THERE was an interesting exchange on Twitter last Wednesday in the aftermath of Robbie Keane’s decision to announce his retirement from international football.
After posting his tribute to the former Ireland captain, ‘trolls’ immediately undermined Jason McAteer for suggesting Keane was one of the few world class players Ireland has produced.
ROI have only had a few world class players Robbie Keane was one of them absolute pleasure to call you a team mate pic.twitter.com/NfFwGtNk34
— Jason MCATEER (@MCATEER4) August 24, 2016
@MCATEER4 your at the wind up here surely?? Very good player and great career but WORLD CLASS.....behave.
— Willie Campbell (@williec2811) August 24, 2016
@williec2811 Ireland against crap teams.v over rated by media.baffling that mcateer gets paid for a deluded opinion
— Niall Purcell (@purcelln421) August 24, 2016
@MCATEER4 @CelticRebelArmy we've had loads of world class players. Robbie wasn't one of them.
— Damien Hanley (@damien_hanley) August 24, 2016
To all the nuggets out there Robbie Keane is 5th all time European goal scorer at international level enough said
— Jason MCATEER (@MCATEER4) August 24, 2016
While there was a certain amount of validity in questioning whether Keane’s talents ever reached world class levels, the overall point wasn’t missed. That even on the day he pulled the curtain down on an 18-year international career, a certain level of disdain for the country’s record goalscorer, and caps holder, was evident.
It has been there for some time. Goals were his currency yet they continue to be devalued – one troll who went to social media war with McAteer expressed the view that so many of them came against ‘teams who were sh**e’.
That was the perception. Here is the evidence. Sixty-seven times Keane scored for Ireland; more than Frank Stapleton, Don Givens and Niall Quinn – the second, third and fourth highest scorers in the country’s history – combined.
That he also scored more goals than any other player in European Championship qualifying history shouldn’t be readily dismissed, either; nor the fact that he found the target on 44 occasions in qualification or finals games, including five times in major tournament play-offs, and three times in the 2002 World Cup.
If anything, the fact he was a regular punisher of Europe’s weaker sides – 15 of his goals came in qualifiers against San Marino, Andorra, Faroe Islands, Gibraltar, Malta – seems to have worked against him in the court of public opinion, from people who must have little or no memory of Ireland’s scoreless draw in Liechtenstein in 1995.“He did it against Germany, Holland, Spain,” McAteer said. And to that list you can add the following names: Yugoslavia, Sweden, Russia, Turkey, Italy, France, Iran, Saudi Arabia, Albania, Wales, Georgia, Cyprus, Israel, Macedonia, Estonia and Kazakhstan.
The above goals came in key qualification or finals games. A flat track bully he most certainly was not. Yet loved? At best, the level of affection (within Ireland) was mixed, a source of annoyance to his team mates.

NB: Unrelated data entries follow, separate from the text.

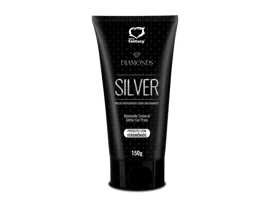 Loção com glitter na cor prata, contém feromônios.
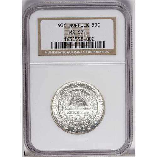 1936 50C Norfolk MS67 NGC. A highly lustrous Superb Ge
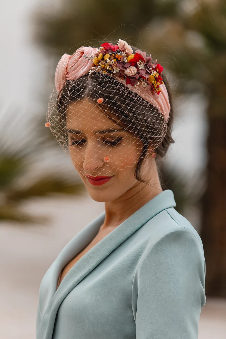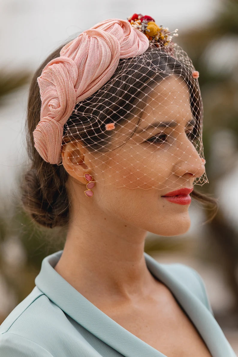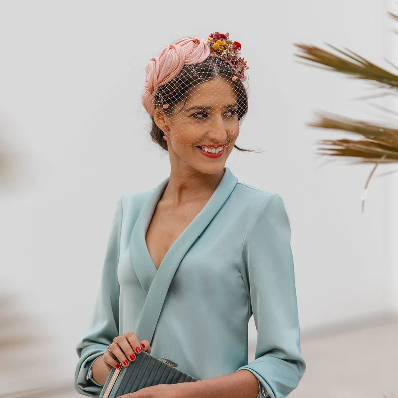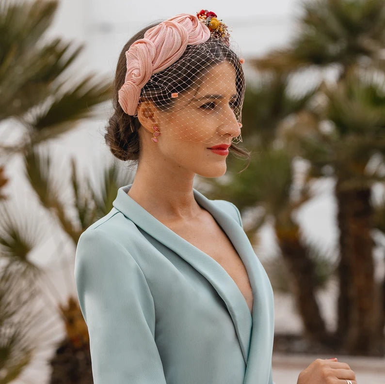 Valeria es una pieza de diseño exclusivo, elaborada manualmente en sinamay seda de alta calidad, un material noble que aporta ligereza y elegancia a cualquier look de ceremonia.
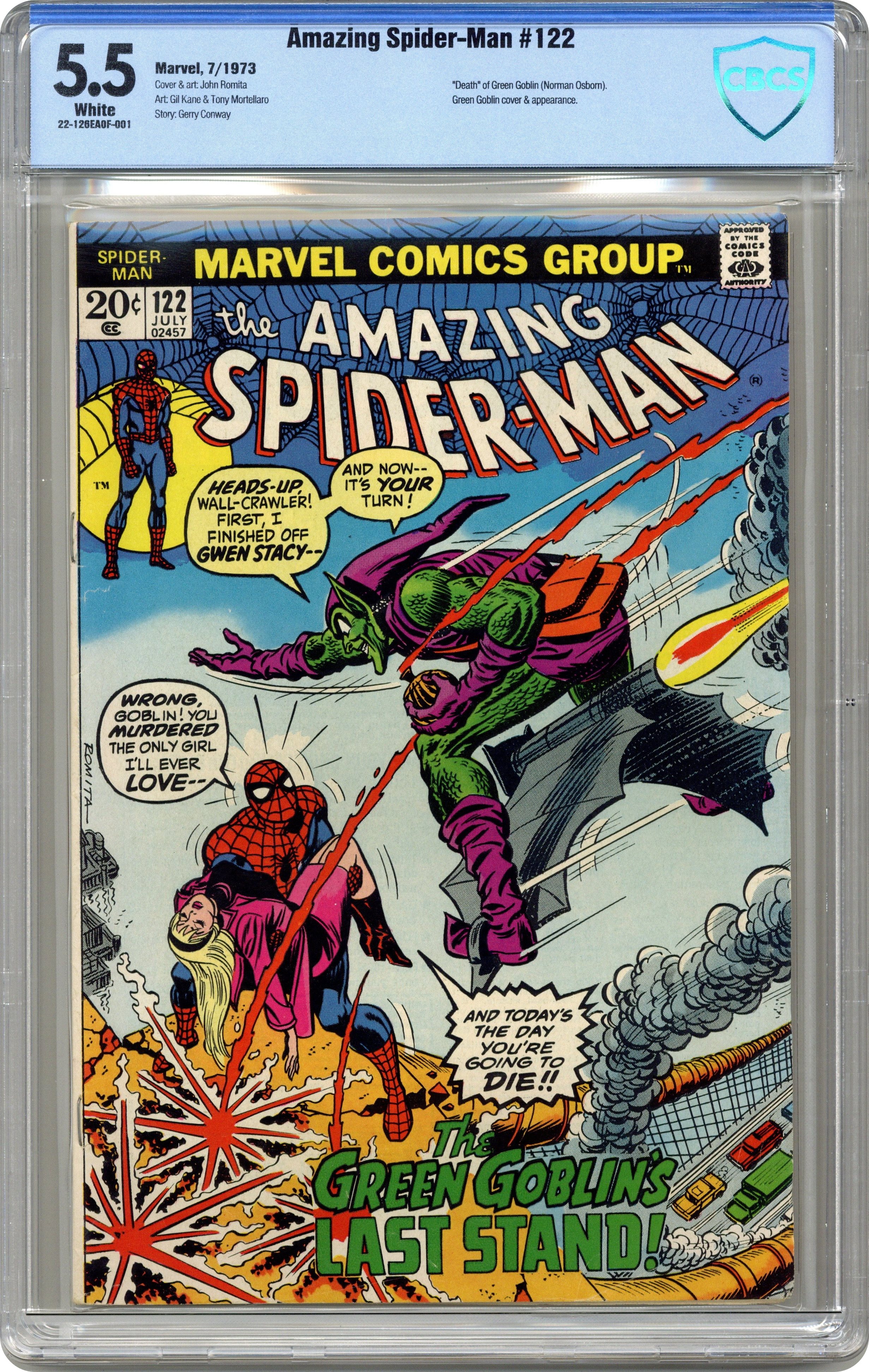 Ended Oct 25 2023 Winning Bid $152 Death of the Green Goblin (aka Norman Osborn) in "The Goblin's Last Stand!" Part 2 of 2. Script by Gerry Conway. Pencils by Gil Kane. Inks by John Romita and Tony Mortellaro (backgrounds). Cover by John Romita. In unfathomable fashion atop the Brooklyn Bridge, Gwen Stacy perished at the hands of the Green Goblin. Spider-Man is devastated. And he furiously lashes out at the goblin, but the purple and green-clad killer gets away! However, a while later, the wall-crawler receives a tip from Joe Robertson about Norman Osborn's whereabouts. And in an abandoned and decrepit warehouse, the Amazing Spider-Man and the Green Goblin fight for the final time! At the end of their epic battle, Peter Parker painfully realizes that revenge is bittersweet. The passing of the goblin won't bring back Gwen. He must find a way to move forward with his life. Perhaps Mary Jane Watson will help. Cameo appearances by Harry Osborn and J. Jonah Jameson. (Notes: The stunning death scene of the Green Goblin inspired a similar moment in the2002 Spider-Man movie. This issue was reprinted in Marvel Tales #99 and again in issue 192.) 36 pages. Cover price $0.20. Grade: CBCS 5.5 explanation of grade Condition: Used (collectible)
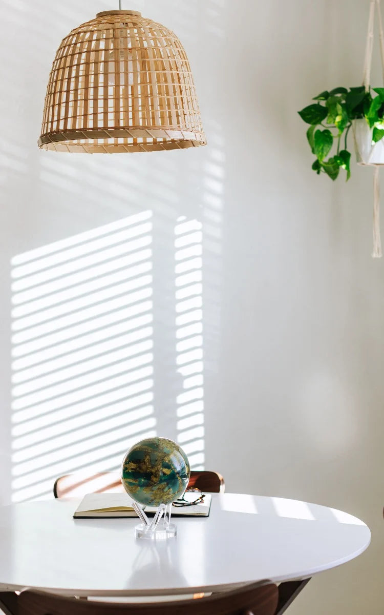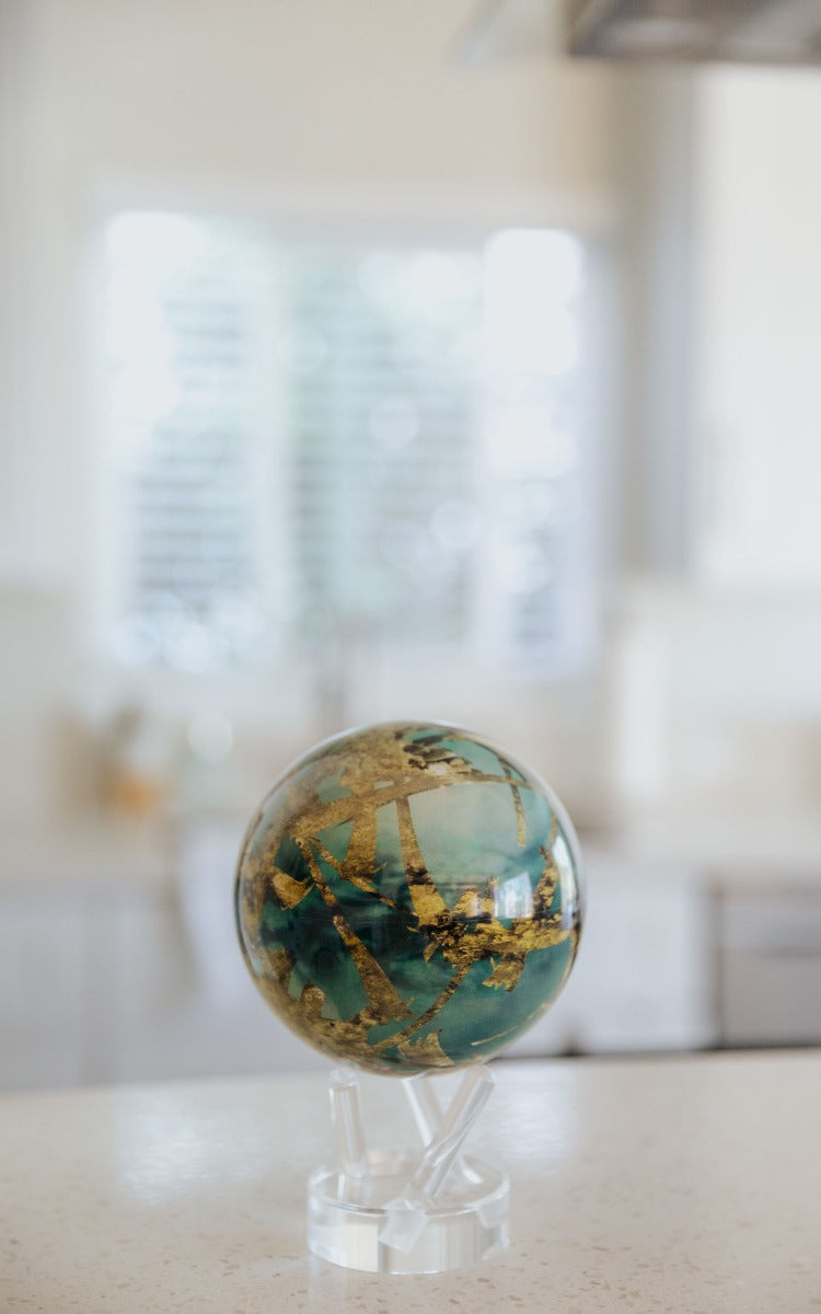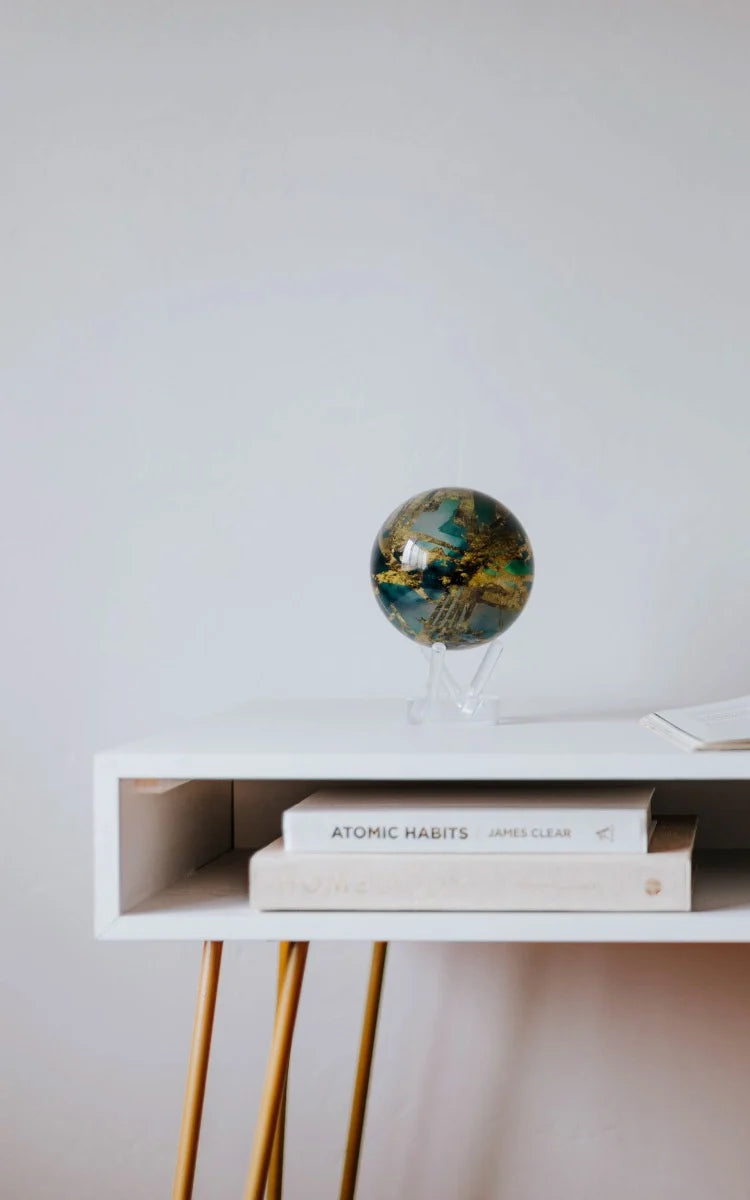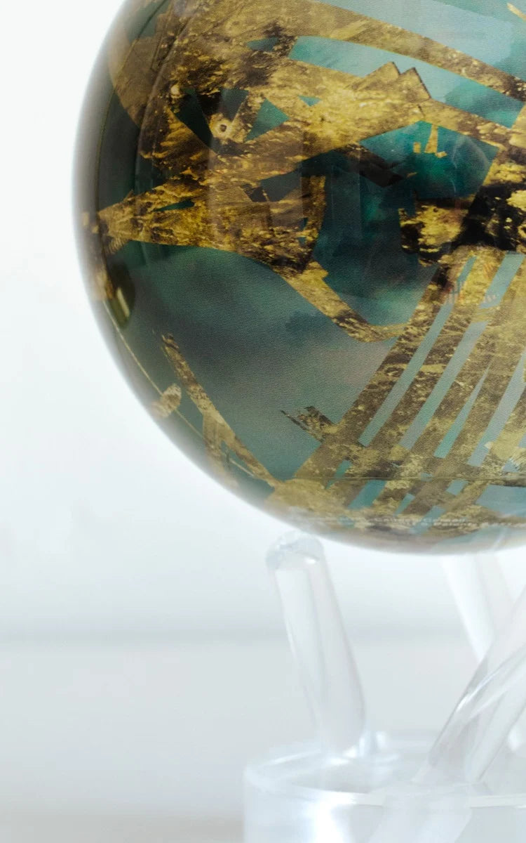 非常規但無可否認的優雅,這個地球儀描繪了金色、藍色和綠色的色調,真實地再現了土星最大的衛星泰坦。

"Whenever we were abroad, Robbie was the face of our team,” said Shay Given. “So when you’d go to different parts, they'd be all wanting to have pictures with Robbie. Sometimes that gets lost a little bit in Ireland because different quarters, and different sections, would be giving him stick and stuff. He was the most famous player we had, a player that fans around the world look up to. And sometimes Irish fans, for whatever reason, didn't appreciate how good he was. But we'll probably look back in 10 or 20 years and realise then that his record is untouchable."
Niall Quinn shares that view. “It won’t be broken,” he said. “I should know. It took me long enough to get ahead of Don Givens and Frank (Stapleton). Then Robbie came along and smashed it to smithereens. For me, he has to go down as one of our greatest ever players, because he did it so often and for so long.”And therein lies the crux of the matter. At 36, Keane is still prepared to board a trans-Atlantic flight and travel across to Dublin, something he has been doing for 18 months, even though he knew the most he could hope for was a place on the bench.
His team-mates loved him, no matter what stage of his international career he was at.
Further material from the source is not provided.